There’s no doubt that Frozen was one of the biggest phenomenons of the 2010s. Phoebe from Starry Traveler’s Road reviews the 2013 original and its 2019 sequel. Head on over to Tranquil Dreams to check it out!
Next up in Ultimate 2010s Blogathon is from my Battle of Ingredients co-host, Phoebe from Starry Traveler’s Road sharing with us a double feature of a popular Disney animated film and its sequel, 2013’s Frozen and 2019’s Frozen II. After you check out her review, head over to check out her blog where she does event recaps, DIY crafts and recently her updates in from jewelry school. Check out her blog HERE.
Frozen (2013) & Frozen II (2019)
(sing to “Do you want to build a snowman?”) Do you want a movie review? Husband, Miss Bun and I got one just for you! We plan to discuss Frozen 1 and 2 as it really makes sense. We really need to send a BIG thank you to Kim and Drew for hosting us… (tick tock tick tock) for the Ultimate 2010s Blogathon!
When the spirits force the people out of Arendelle, Elsa (Idina Menzel), Anna (Kristen Bell), Kristoff (Jonathan Groff), Olaf (Josh Gad), and Sven venture to the Enchanted Forest to settle the spirits.
Back in 2013, Frozen became a phenomenon. Children everywhere dressed up as Anna and even more dressed up as Anna’s sister Elsa. It seemed you couldn’t go anywhere without hearing “Let it Go.” I’m man enough to admit that I got swept up in the craze as well. It was no surprise that a sequel was announced, especially given Disney has had more of an eye towards making theatrical sequels to their films as of late. Given how much I enjoyed Frozen, I was excited to see what directors Jennifer Lee and Chris Buck had in store for Elsa, Anna, Olaf, and Kirstoff in the sequel. Despite my high expectations, Frozen II blew them away.

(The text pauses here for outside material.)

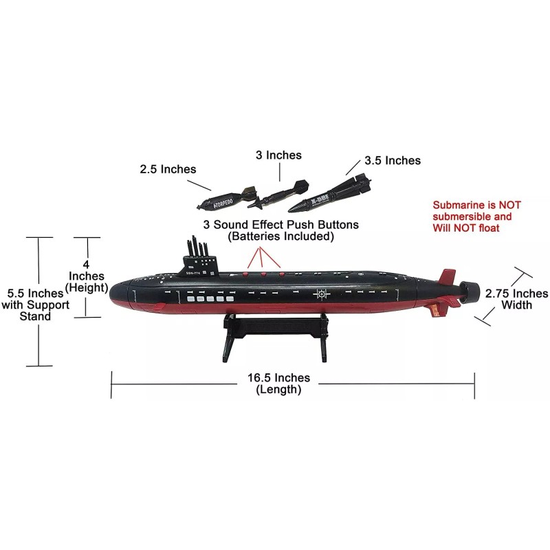 Submarine Dimensions: 16.5"L x 2.75"W x 4"H.

Easily the stand-out feature of Frozen was the original songs written by Kristen Anderson-Lopez and Robert Lopez. The songwriting couple returns for the sequel and once more they knock it out of the park! Idina Menzel again demonstrates how much of a powerhouse singer she is. “Into the Unknown” is bound to become this film’s “Let it Go” but “Show Yourself,” Menzel’s duet with Evan Rachel Wood, should not be ignored either. Jonathan Groff didn’t get much room to flex his singing chops in the last film but that was remedied this time around. Besides having a small part in the ensemble song “Some Things Never Change,” he gets his own song in “Lost in the Woods,” which is presented in a boy band-esque way that had me laughing uncontrollably. And of course Kristen Bell and Josh Gad have their songs as well, so no one is left out.
Olaf (Gad) provided much (not all but a lot) of the comedy from the previous film. While Olaf still functions as the comedic relief, and even though he does have some of the funnier moments of this film, it feels like the humor is spread out more evenly throughout the cast. This makes the comedy feel more organic. Anna, Kristoff, and many of the new characters all get a few laughs in. Two new characters, Lieutenant Mattias, voiced wonderfully by Sterling K. Brown, and Ryder, voiced by Jason Ritter, aren’t on the screen much but they each have a handful of memorable moments that help them stand out in this sequel.

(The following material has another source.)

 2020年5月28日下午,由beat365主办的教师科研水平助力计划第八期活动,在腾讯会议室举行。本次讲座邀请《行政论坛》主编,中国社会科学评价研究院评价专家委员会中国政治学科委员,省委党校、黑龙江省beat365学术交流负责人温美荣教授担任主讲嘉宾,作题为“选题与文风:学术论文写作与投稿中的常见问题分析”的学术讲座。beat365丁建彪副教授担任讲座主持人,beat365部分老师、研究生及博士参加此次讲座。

Frozen II is unsurprisingly done in an animation style very similar to that of Frozen. However, everything just looks… better. Similar but better. The character models look better and feel like they have more expression, Elsa’s ice powers look better and seriously jaw-dropping at moments, the environments look better and almost life-like. Just like most of the last film is spent in the snow, most of this film is spent in the Enchanted Forest, and the Forest look absolutely stunning. If you’ve ever been in the woods, particularly during the autumn months, you’ll know how vivid it can be, with a wide range of colors and textures. This film captures all of that in great detail. From the various colors of the leaves to the greens of the grass and moss to the grays of rocks and to the clear blue streams. Once again, the Disney animation studio has outdone themselves.
Every sequel should build on and expand the world from the film(s) before it and continue to evolve the characters. Both sisters grow considerably. Elsa’s journey takes her on a path of discovery about her powers and herself more so than the previous film. At the end of Frozen, she learns to embrace her powers and that they are not something to be feared. Throughout this movie, she embraces her powers even more. Of the two, Anna displays the most change and growth. I don’t want to spoil anything but she goes through a dramatic change that is perfect for her character and will serve as an inspiration for many young children. When we meet Olaf at the beginning, he has begin questioning the world in a more mature way than his more innocent and naive self of the last film. It’s played for comedy but is exciting to watch. As for Kristoff, we get to see how his feelings for Anna have deepened but it feels like his character does not quite have as drastic an arc as some of the other characters.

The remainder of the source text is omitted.